Items listed in a dataset →
━━━━━━━━━━━━━━━━━━━━

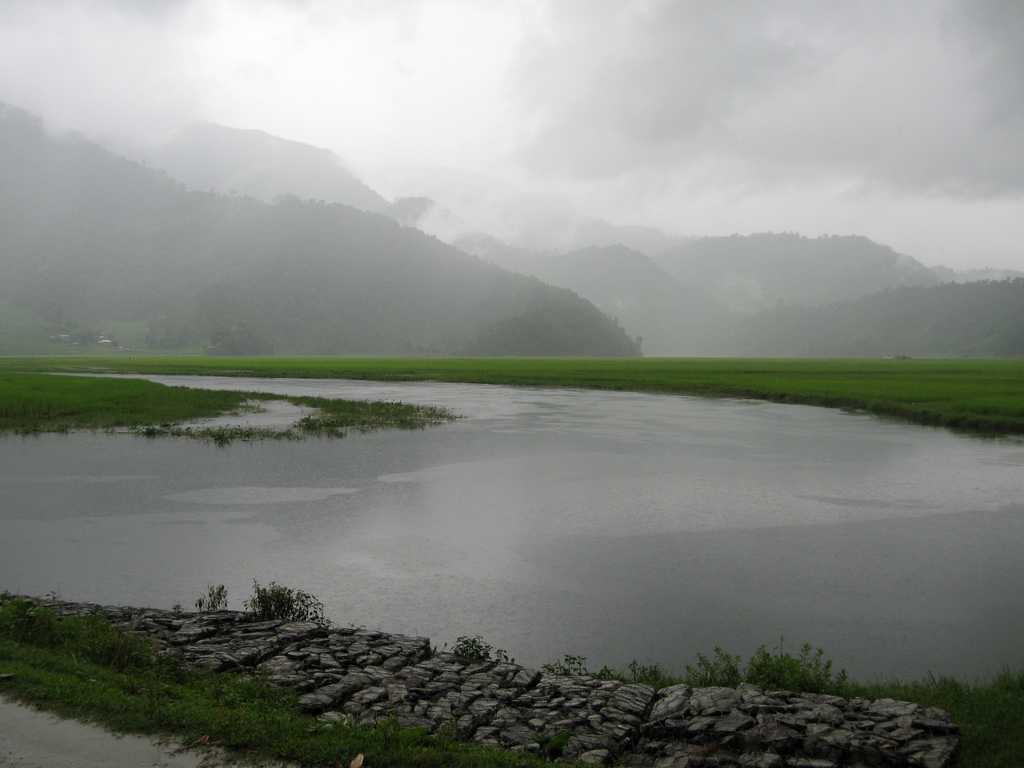 Pipara Simara, in Bara District, Nepal (just south of Pathlaiya)
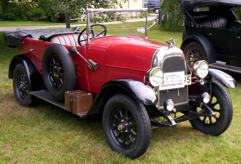 Fiat 501 Torpedo 1925
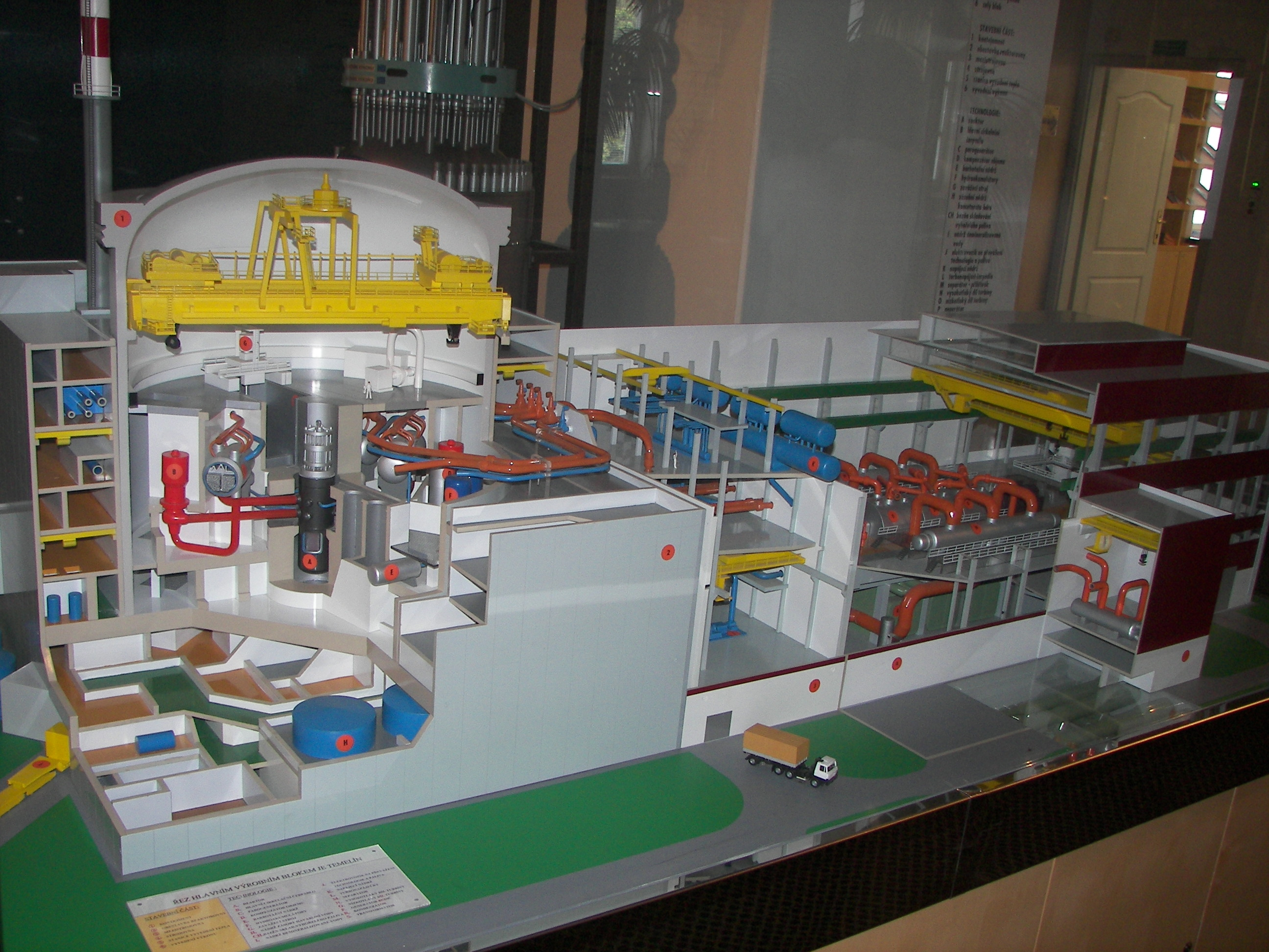 Model of Temelin powerplant in its Information center
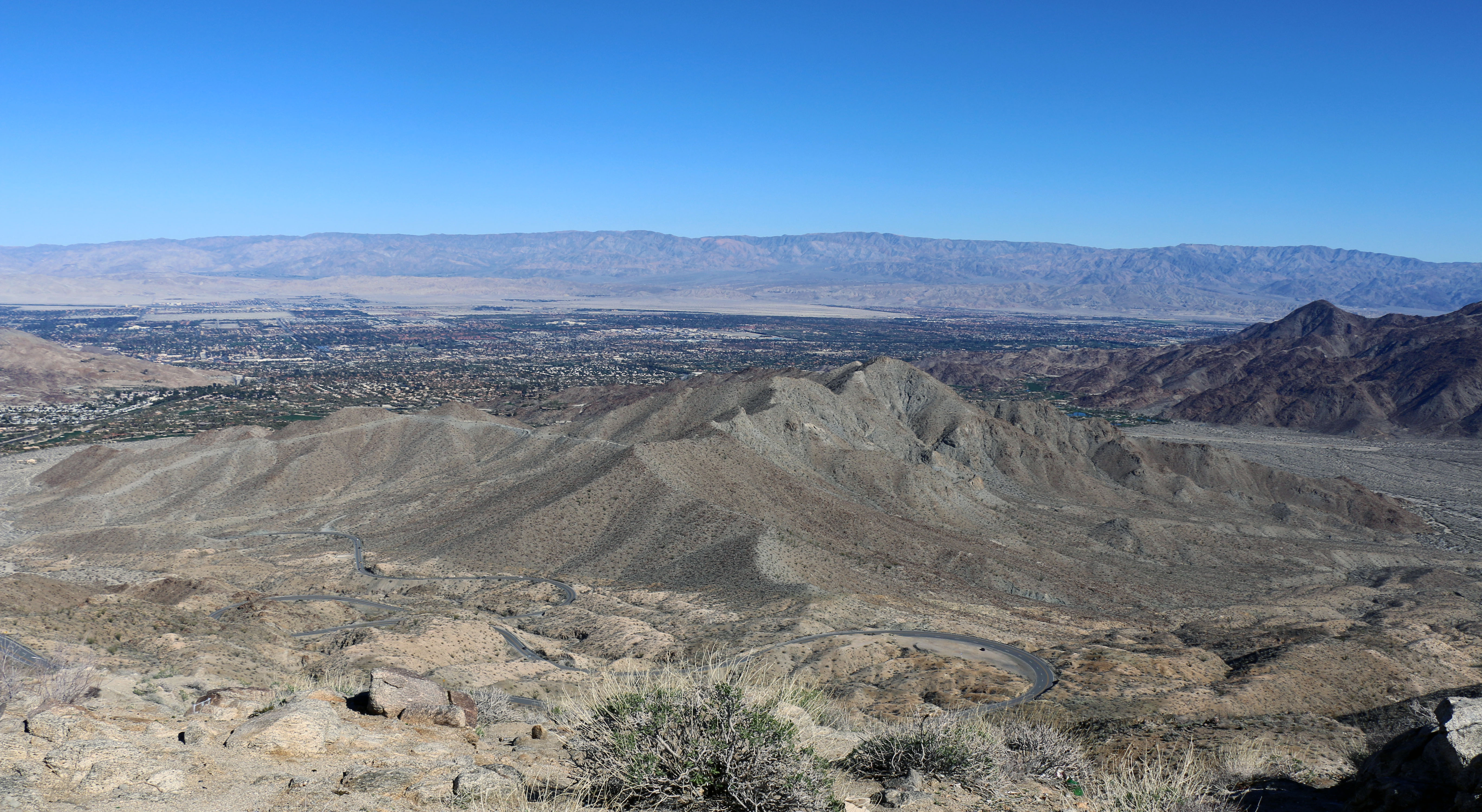 Photo by Joanna Gilkeson/USFWS.
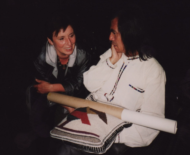 German poet Charlotte Grasnick and Peruvian poet José Pablo Quevedo after a reading in Berlin.
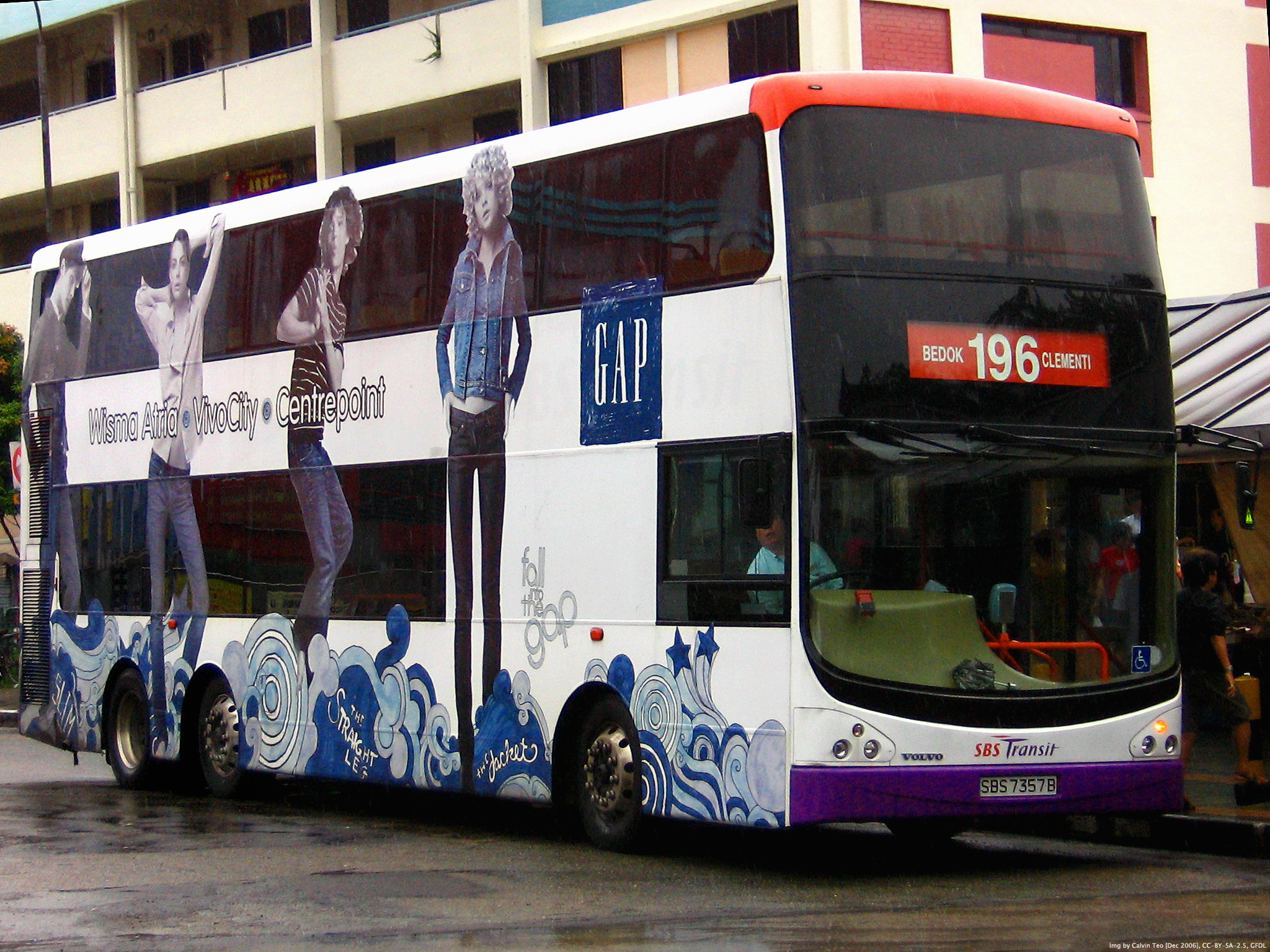 A Volvo B9TL(SBS7357B) operating on Svc. 196 at Bedok Interchange. (GAP Advertisement/GAP 광고)
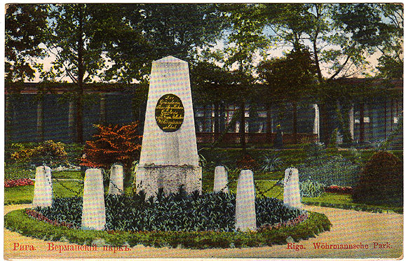 Vermanes Garden Riga, Latvia (at the time a part of the Russian Empire)

━━━━━━━━━━━━━━━━━━━━

Instructions to follow →
Copy the records above from the first line through the line containing "German poet Charlotte", both included, and leave out any pictures.

Solution for this problem →
 Pipara Simara, in Bara District, Nepal (just south of Pathlaiya)
 Fiat 501 Torpedo 1925
 Model of Temelin powerplant in its Information center
 Photo by Joanna Gilkeson/USFWS.
 German poet Charlotte Grasnick and Peruvian poet José Pablo Quevedo after a reading in Berlin.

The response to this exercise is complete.